**INFORMATION GIVEN**

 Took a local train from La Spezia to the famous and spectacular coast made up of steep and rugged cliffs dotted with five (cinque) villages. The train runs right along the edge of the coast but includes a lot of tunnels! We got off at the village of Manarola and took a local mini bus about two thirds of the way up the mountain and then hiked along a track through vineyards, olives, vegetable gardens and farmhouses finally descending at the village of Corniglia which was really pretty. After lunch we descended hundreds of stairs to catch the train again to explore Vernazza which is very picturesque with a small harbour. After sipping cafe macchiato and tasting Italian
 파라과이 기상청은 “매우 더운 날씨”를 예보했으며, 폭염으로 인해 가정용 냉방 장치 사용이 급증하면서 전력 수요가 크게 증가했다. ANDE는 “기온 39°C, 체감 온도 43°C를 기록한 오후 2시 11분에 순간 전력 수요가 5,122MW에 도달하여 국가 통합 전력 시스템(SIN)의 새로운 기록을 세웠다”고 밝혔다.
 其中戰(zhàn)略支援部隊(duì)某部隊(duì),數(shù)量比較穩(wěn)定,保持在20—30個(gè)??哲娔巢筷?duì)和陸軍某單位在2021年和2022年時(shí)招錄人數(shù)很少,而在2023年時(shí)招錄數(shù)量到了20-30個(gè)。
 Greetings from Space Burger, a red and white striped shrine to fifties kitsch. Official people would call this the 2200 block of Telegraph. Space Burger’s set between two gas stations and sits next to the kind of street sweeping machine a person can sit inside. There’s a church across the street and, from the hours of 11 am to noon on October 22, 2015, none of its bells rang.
...
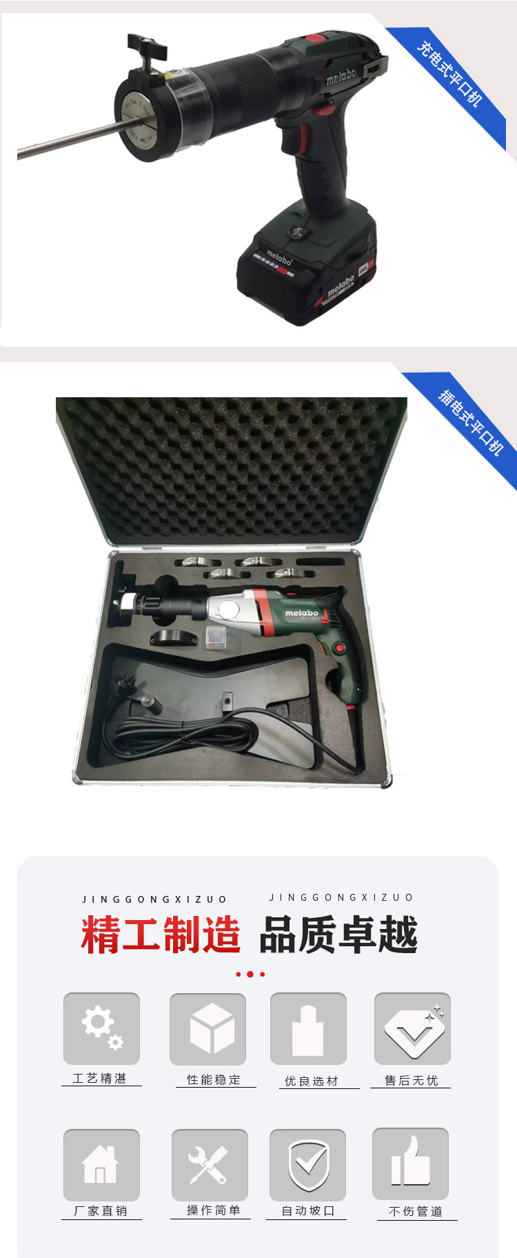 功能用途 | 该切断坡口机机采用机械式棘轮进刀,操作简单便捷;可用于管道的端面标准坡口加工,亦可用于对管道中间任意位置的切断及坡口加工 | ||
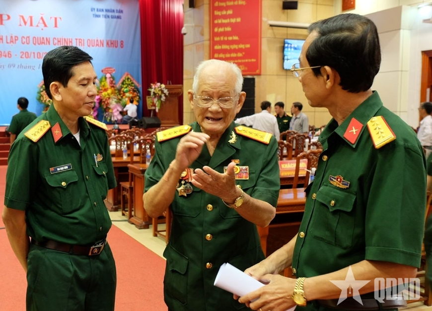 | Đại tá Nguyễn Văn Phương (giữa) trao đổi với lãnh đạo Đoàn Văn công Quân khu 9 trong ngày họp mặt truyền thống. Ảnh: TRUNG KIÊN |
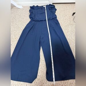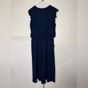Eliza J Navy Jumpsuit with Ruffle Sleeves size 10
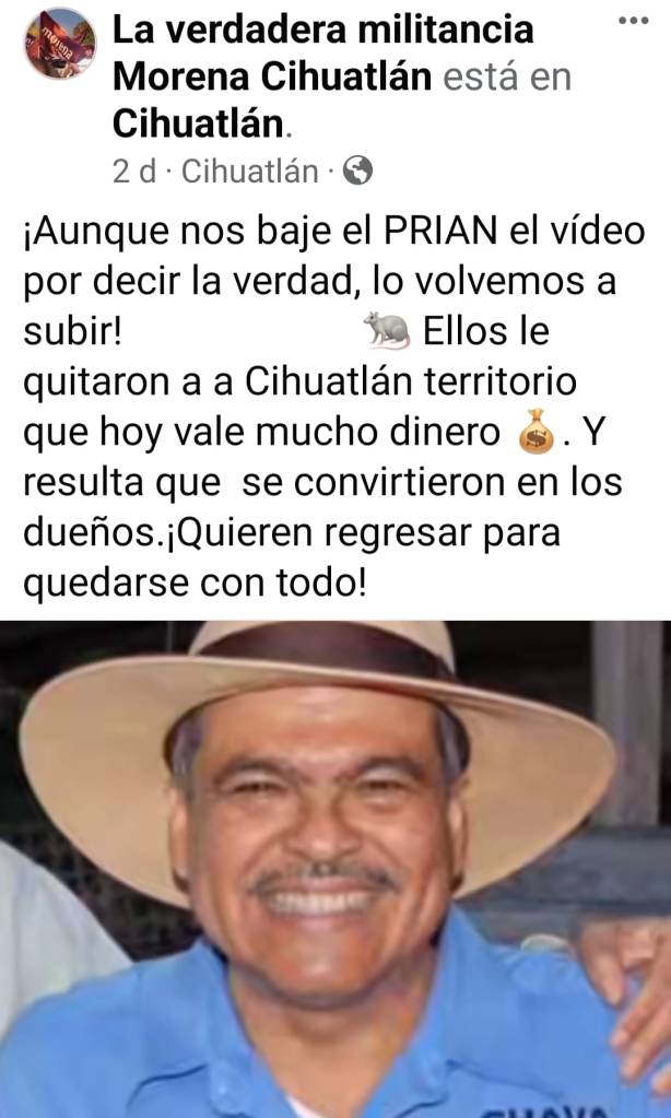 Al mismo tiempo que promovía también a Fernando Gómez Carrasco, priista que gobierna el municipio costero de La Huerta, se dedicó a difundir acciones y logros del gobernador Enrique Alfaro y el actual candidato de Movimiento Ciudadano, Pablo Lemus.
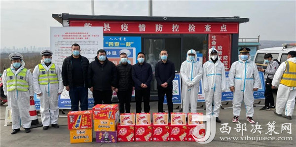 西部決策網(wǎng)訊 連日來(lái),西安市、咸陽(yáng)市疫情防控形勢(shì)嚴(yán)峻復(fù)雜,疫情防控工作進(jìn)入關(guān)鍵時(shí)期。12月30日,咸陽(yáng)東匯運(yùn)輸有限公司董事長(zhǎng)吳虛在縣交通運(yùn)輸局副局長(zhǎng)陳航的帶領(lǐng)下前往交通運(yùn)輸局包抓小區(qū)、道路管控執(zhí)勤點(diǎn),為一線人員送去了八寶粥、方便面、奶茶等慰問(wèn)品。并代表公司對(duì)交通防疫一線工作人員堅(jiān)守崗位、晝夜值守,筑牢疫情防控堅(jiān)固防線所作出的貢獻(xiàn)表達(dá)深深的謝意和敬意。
==
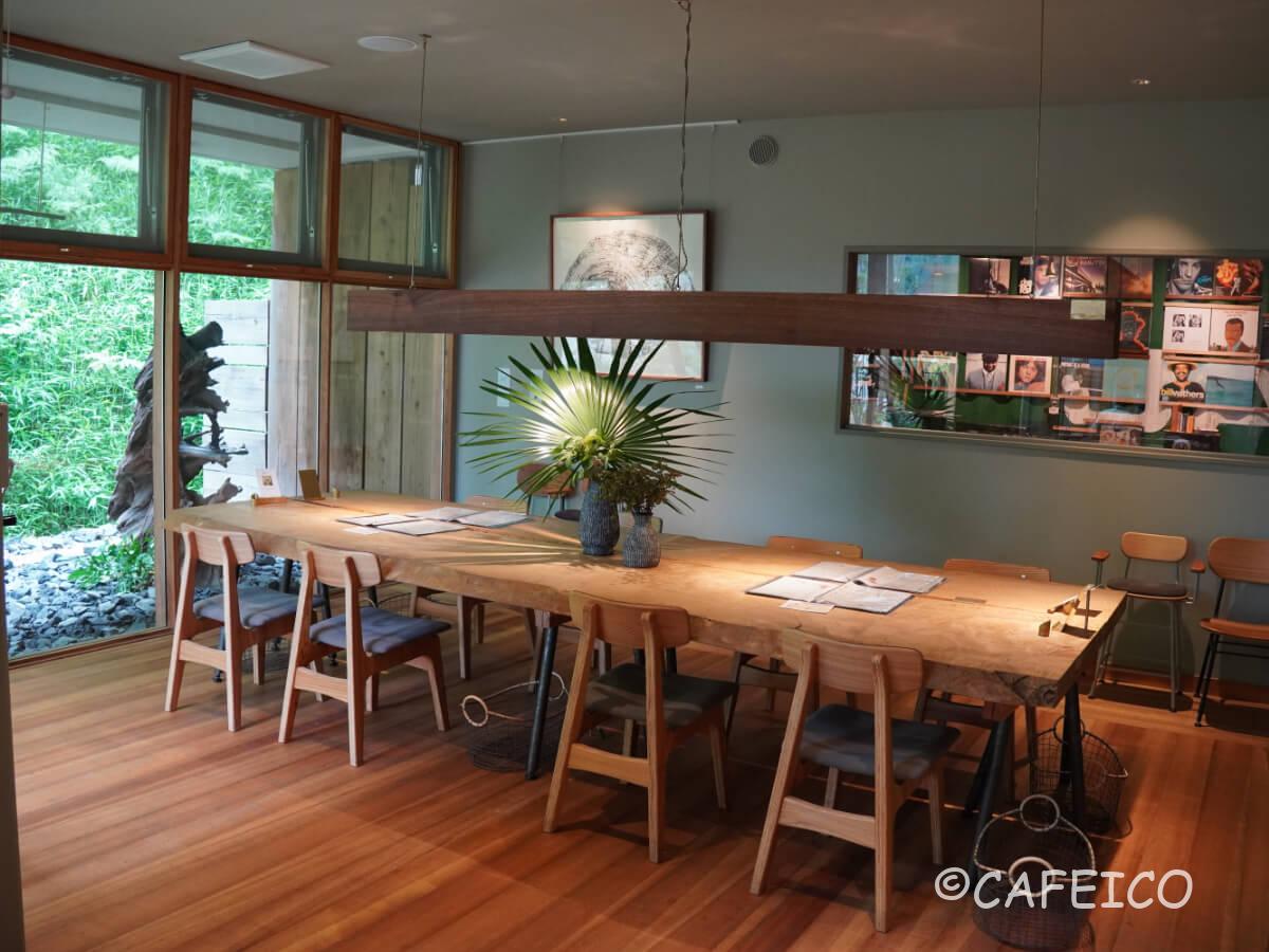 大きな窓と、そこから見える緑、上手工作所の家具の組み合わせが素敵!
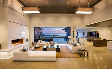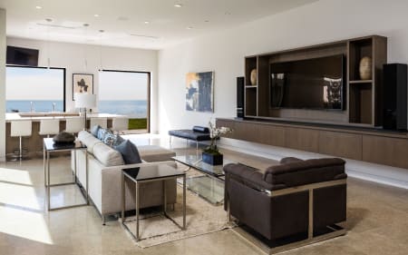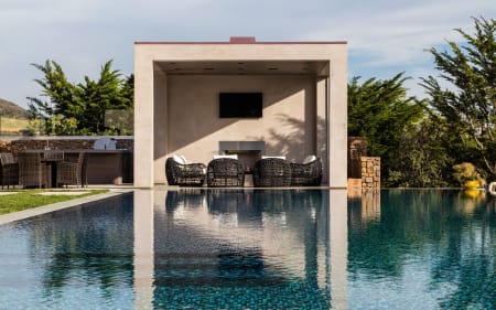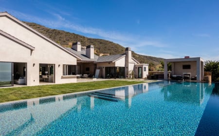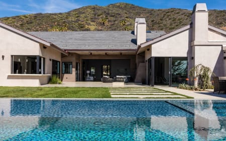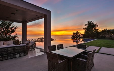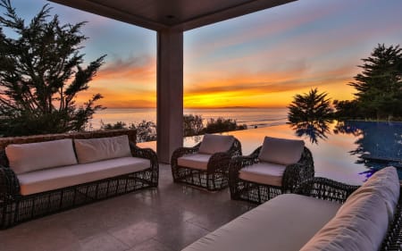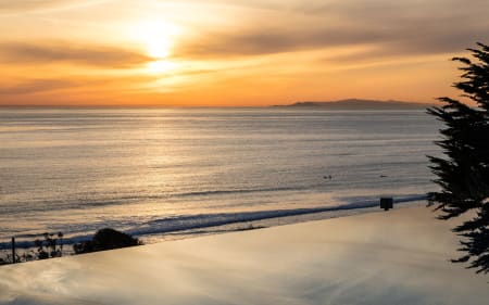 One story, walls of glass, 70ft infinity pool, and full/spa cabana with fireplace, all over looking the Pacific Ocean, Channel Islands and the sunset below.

**TASK OBJECTIVE**
Within the listing above, copy exactly the lines that start at the one with "TRUNG KIÊN |" and continue through the one with "西部決策網(wǎng)訊 連". Omit pictures.

**EXERCISE ANSWER**
 | Đại tá Nguyễn Văn Phương (giữa) trao đổi với lãnh đạo Đoàn Văn công Quân khu 9 trong ngày họp mặt truyền thống. Ảnh: TRUNG KIÊN |
Eliza J Navy Jumpsuit with Ruffle Sleeves size 10
 Al mismo tiempo que promovía también a Fernando Gómez Carrasco, priista que gobierna el municipio costero de La Huerta, se dedicó a difundir acciones y logros del gobernador Enrique Alfaro y el actual candidato de Movimiento Ciudadano, Pablo Lemus.
 西部決策網(wǎng)訊 連日來(lái),西安市、咸陽(yáng)市疫情防控形勢(shì)嚴(yán)峻復(fù)雜,疫情防控工作進(jìn)入關(guān)鍵時(shí)期。12月30日,咸陽(yáng)東匯運(yùn)輸有限公司董事長(zhǎng)吳虛在縣交通運(yùn)輸局副局長(zhǎng)陳航的帶領(lǐng)下前往交通運(yùn)輸局包抓小區(qū)、道路管控執(zhí)勤點(diǎn),為一線人員送去了八寶粥、方便面、奶茶等慰問(wèn)品。并代表公司對(duì)交通防疫一線工作人員堅(jiān)守崗位、晝夜值守,筑牢疫情防控堅(jiān)固防線所作出的貢獻(xiàn)表達(dá)深深的謝意和敬意。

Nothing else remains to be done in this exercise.